Google has released the stable version of Gemini 2.5 Flash-Lite, its fastest and most cost-efficient AI model yet, designed for high-speed, low-latency tasks with optional advanced reasoning and now generally available for production use (Google).
Anthropic researchers found that giving AI models more time to think can actually make them perform worse on certain tasks, challenging the assumption that longer reasoning always leads to better results (VentureBeat).
2. AI Tools and Features
Google Photos now lets users turn still images into short animated videos, apply creative art styles like anime or sketches with “Remix,” and access all these tools in a new “Create” tab (Google). Google has launched “Web Guide,” an experimental AI-powered search feature using its Gemini model to organize results into categorized, curated summaries and links, offering a more structured alternative to traditional search for users who opt in (The Verge). Google has launched Opal, an experimental tool in public beta that lets users easily create, edit, and share AI-powered mini apps using natural language and visual workflows—no coding required (Google).

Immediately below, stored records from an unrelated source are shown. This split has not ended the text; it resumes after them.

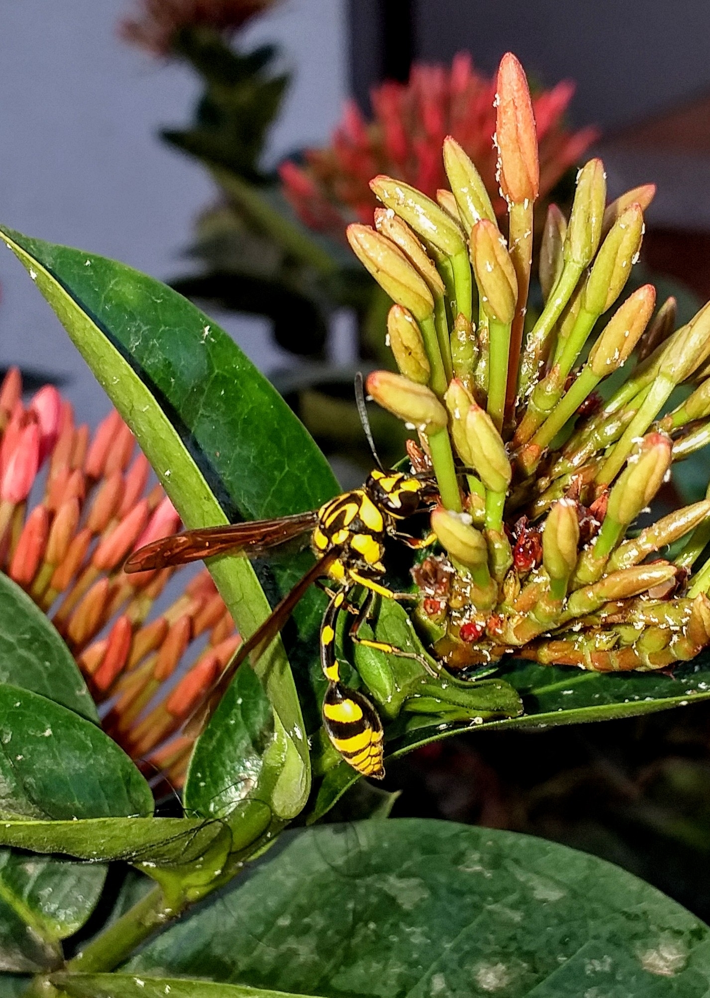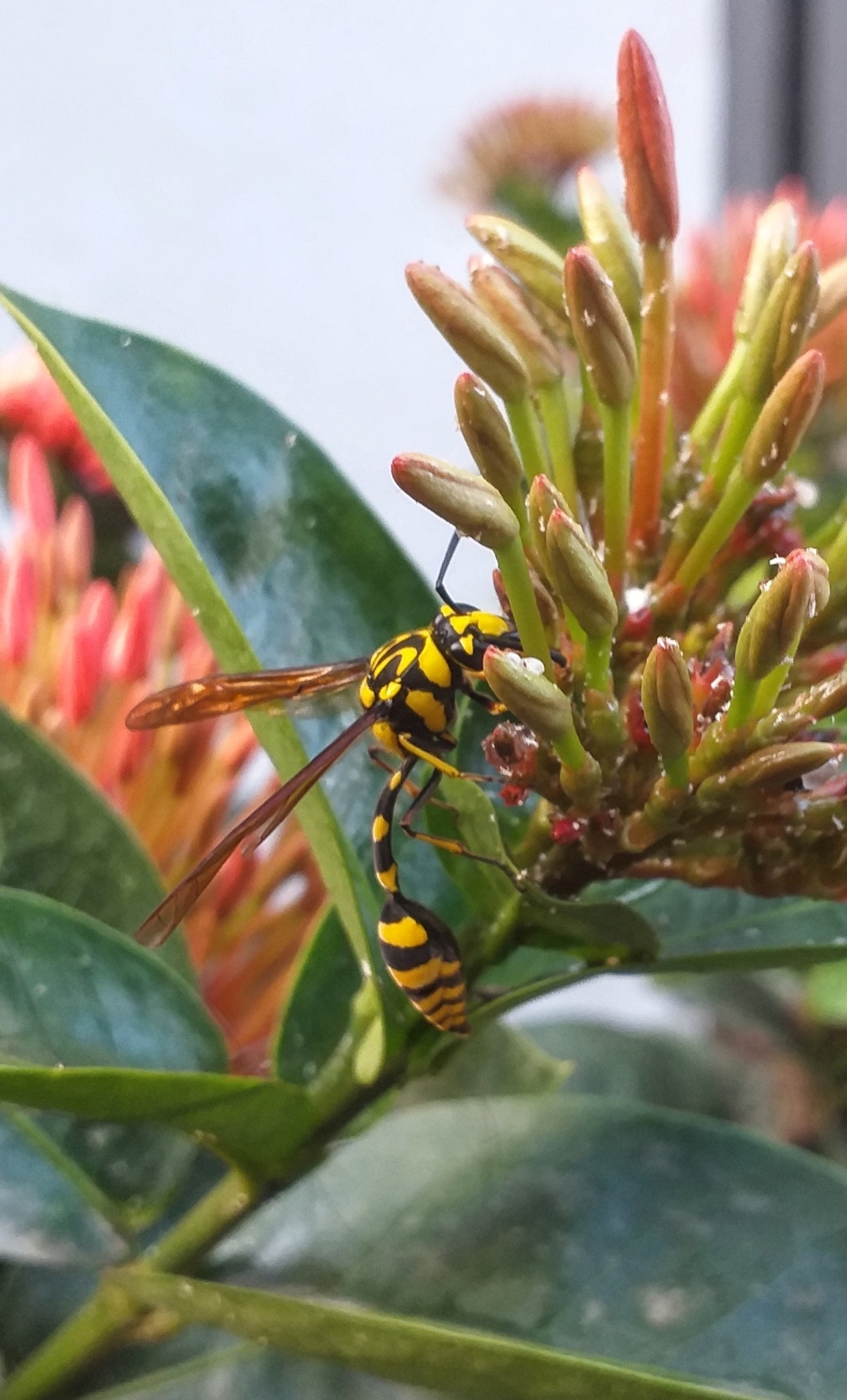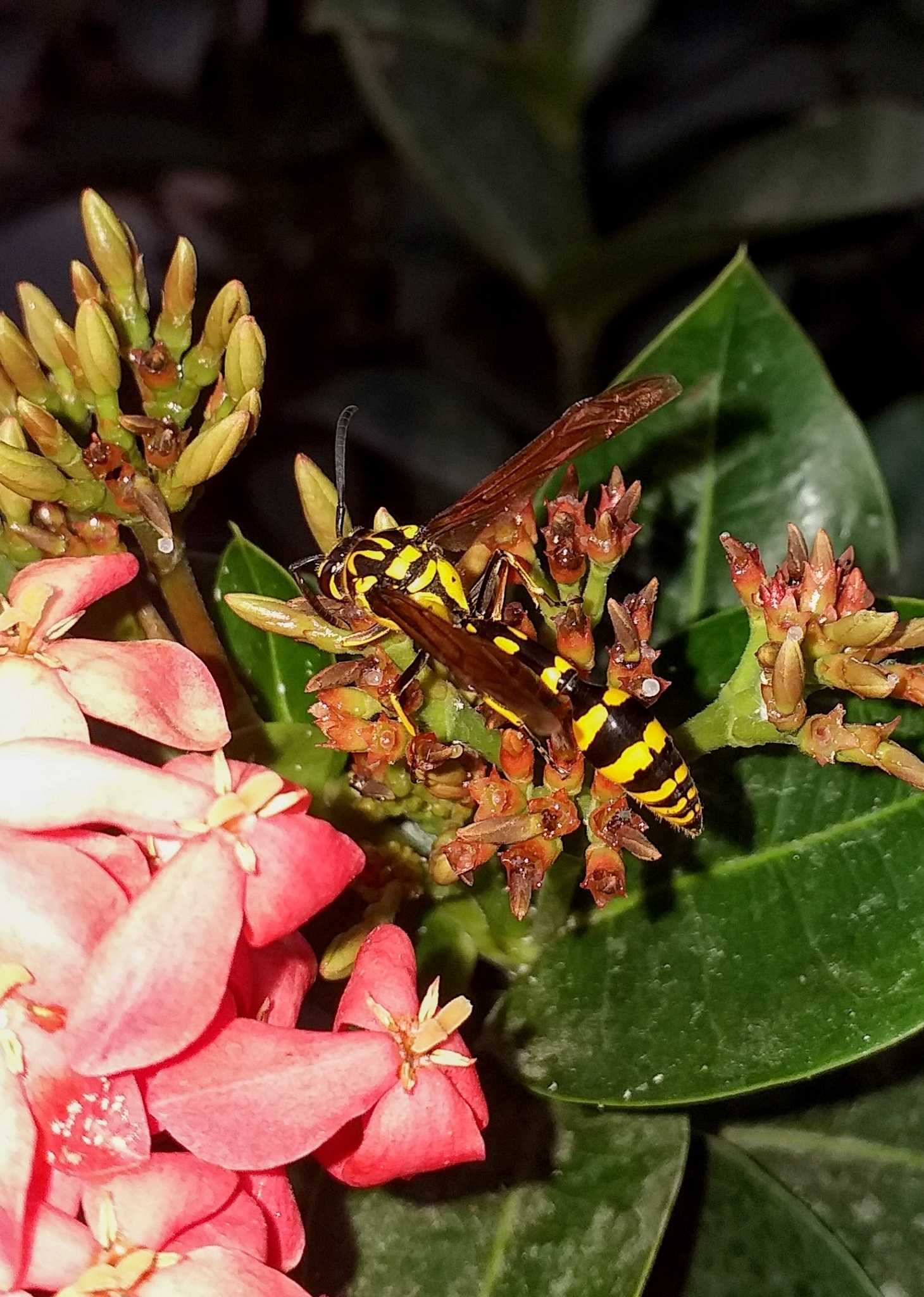 Phimenes flavopictus | species | Ixora | genus | visits | Animalia | Arthropoda | Insecta | Hymenoptera | Eumenidae | Phimenes | Plantae | Tracheophyta | Magnoliopsida | Gentianales | Rubiaceae | Ixora | 12.906602 | 77.67716 | 2021 | 3 | 23 | http://creativecommons.org/licenses/by/4.0/ | https://www.inaturalist.org/observations/71930284 | |
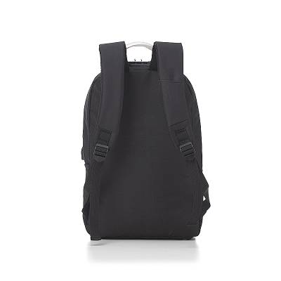 Mochila para notebook personalizada produzida em poliéster. Possui compartimento interno para notebook de 14.5 Polegadas, cursores de metal, fechamento por cadeado com senha, alça de mão em metal, alça de ombro acolchoada, 2 bolsos frontais, 2 bolsos laterais, mini bolso na alça de ombro, conector USB na lateral e saída para fones de ouvido na lateral. Ideal para brindes promocionais e eventos corporativos.
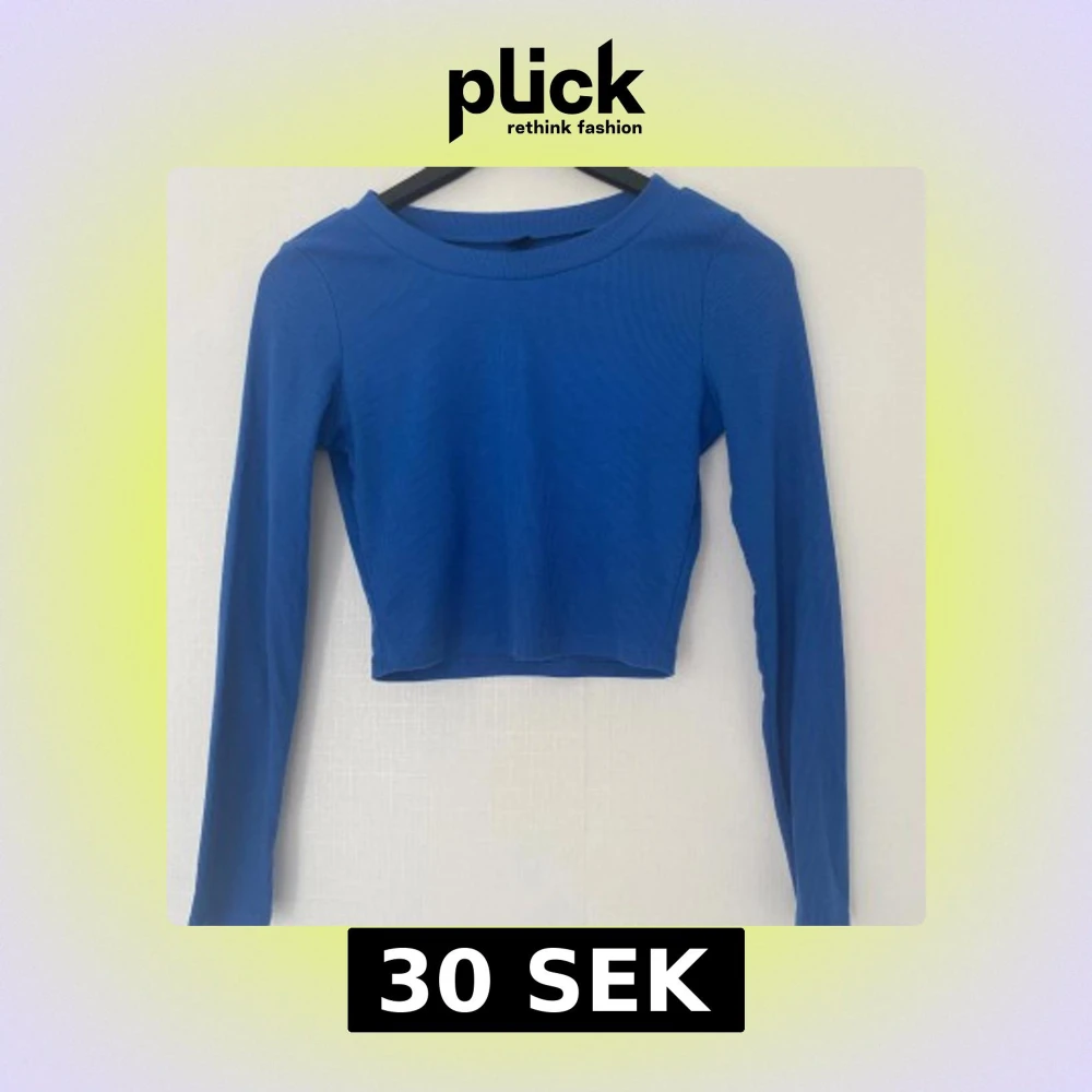 Säljer en blå croppad långärmad topp från Shein i ribbad bomullsmix. Enkel och stilren modell med rund halsringning och tight passform.
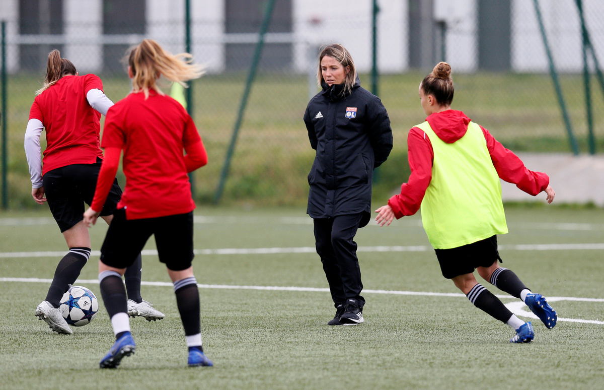 As the girls train under the watch of former Lyon and France international Camille Abily, the screams of the boys practising can be heard nearby.
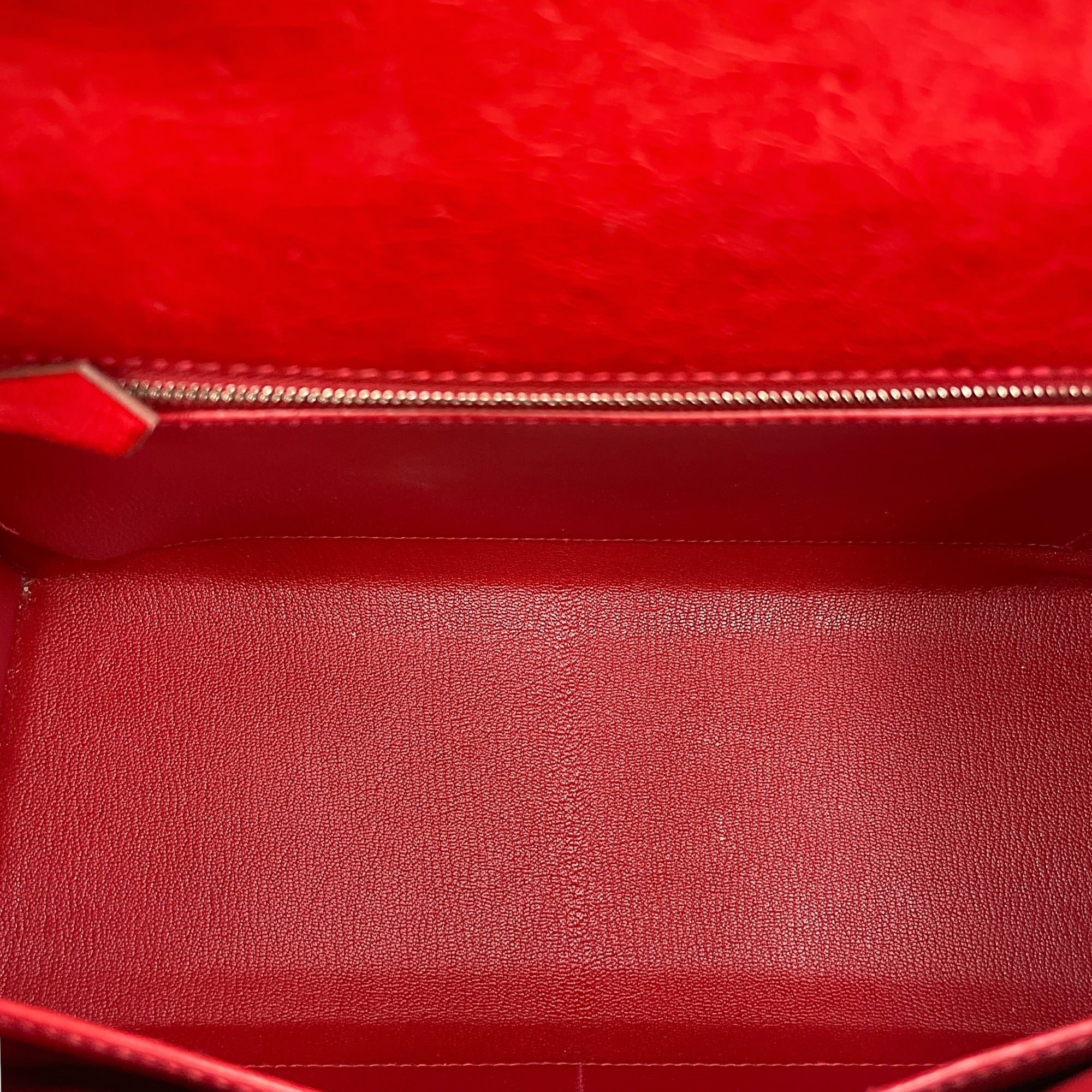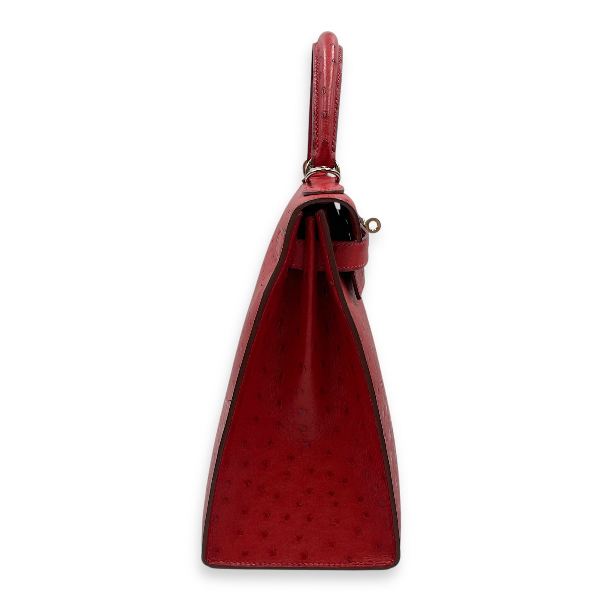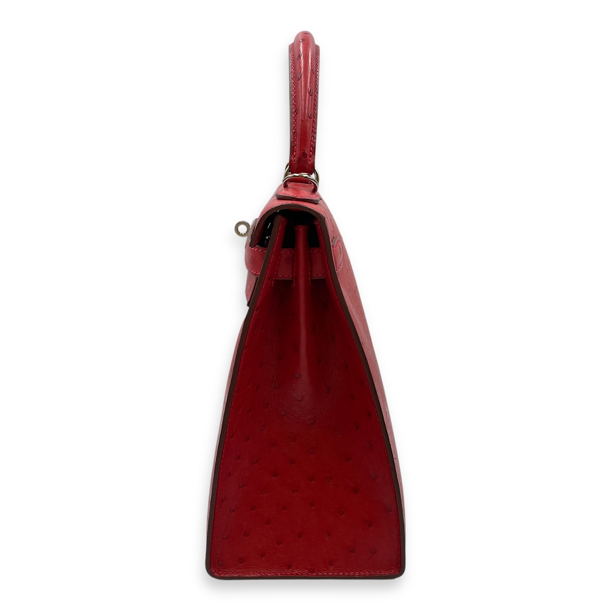 Hermès Sellier Kelly 28 Rouge Vif in Ostrich, Palladium hardware Bags Shoulder Bag Rouge Vif Red Very Good Condition
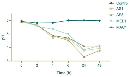 2.5.1. Tolerance to Acidic Conditions and Low Temperatures
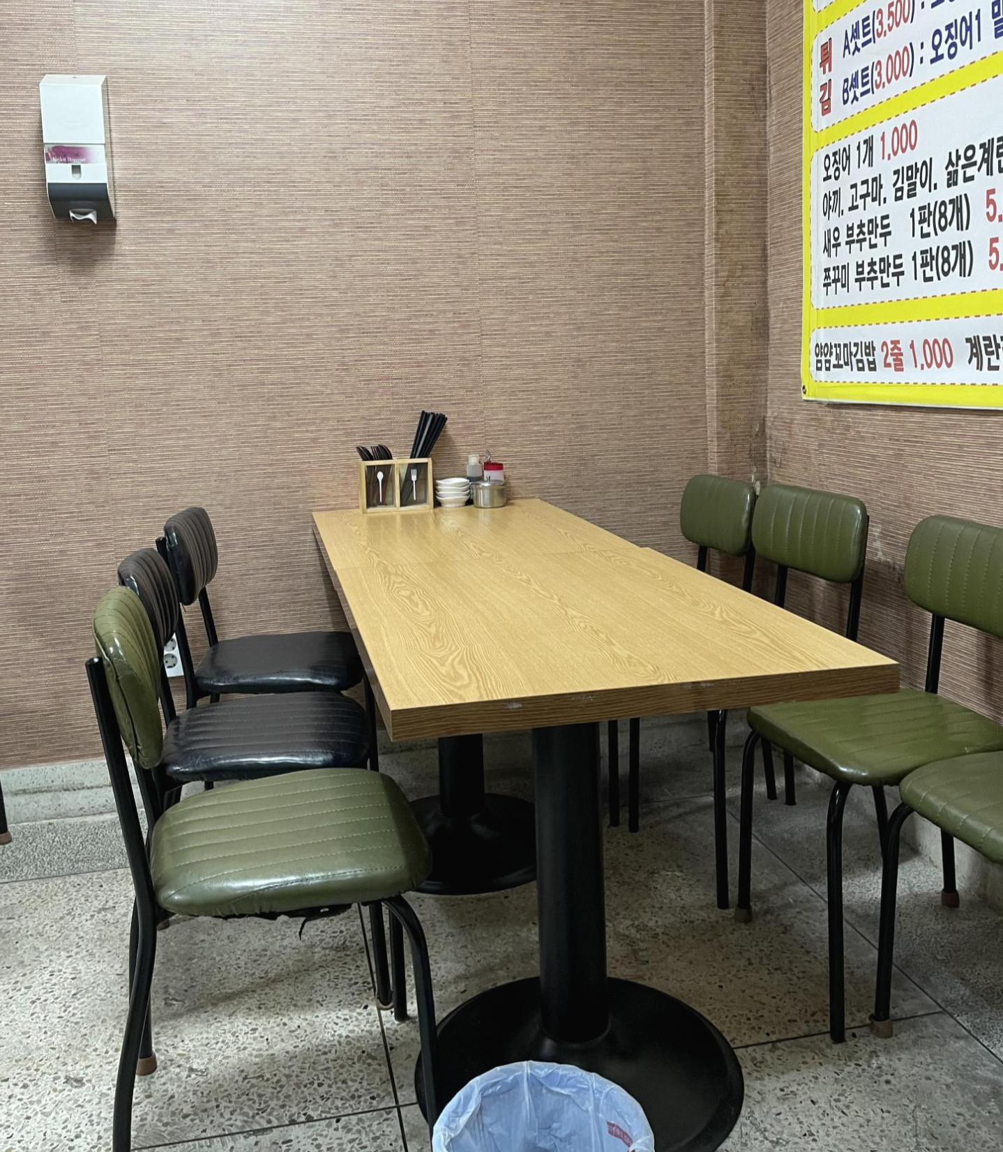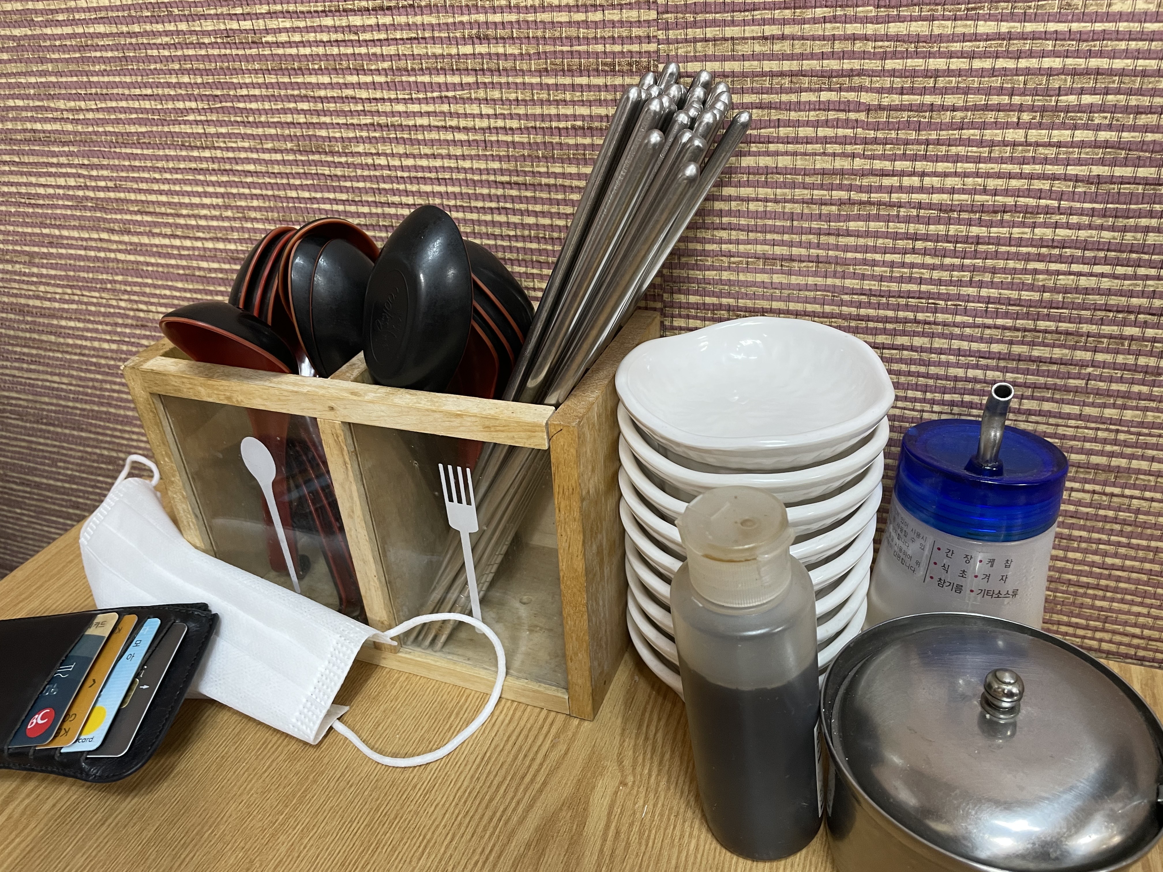 매장 기본 세팅이고, 물과 어묵 국물은 셀프로 떠다 드시면 됩니다.

YouTube Shorts has introduced new AI-powered tools—including Photo to Video, generative effects, and the AI Playground—to make short-form content creation easier, more fun, and creatively dynamic (YouTube).
Figma’s AI-powered app-building tool, Figma Make, is now available to all users—with full functionality reserved for paying subscribers—enabling natural language-driven prototyping and app creation enhanced by design references and a new AI credit system (The Verge).
3. AI for Science and Medicine
For the first time, AI models from DeepMind and OpenAI have solved International Mathematical Olympiad problems at a gold medal level using only natural language, marking a major leap in large language models’ mathematical reasoning abilities (Nature).
4. Other
DeepMind is developing autonomous, self-improving robotic systems, exemplified by table tennis-playing robots trained through competitive self-play and guided by vision-language models, to overcome the limitations of traditional programming and machine learning, aiming to create adaptable machines that learn complex skills with minimal human intervention (IEEE Spectrum).
Meta has unveiled a wristband that uses AI to interpret electrical signals from forearm muscles, allowing users to control computers and smartphones with hand gestures or even just the intention to move (NYTimes).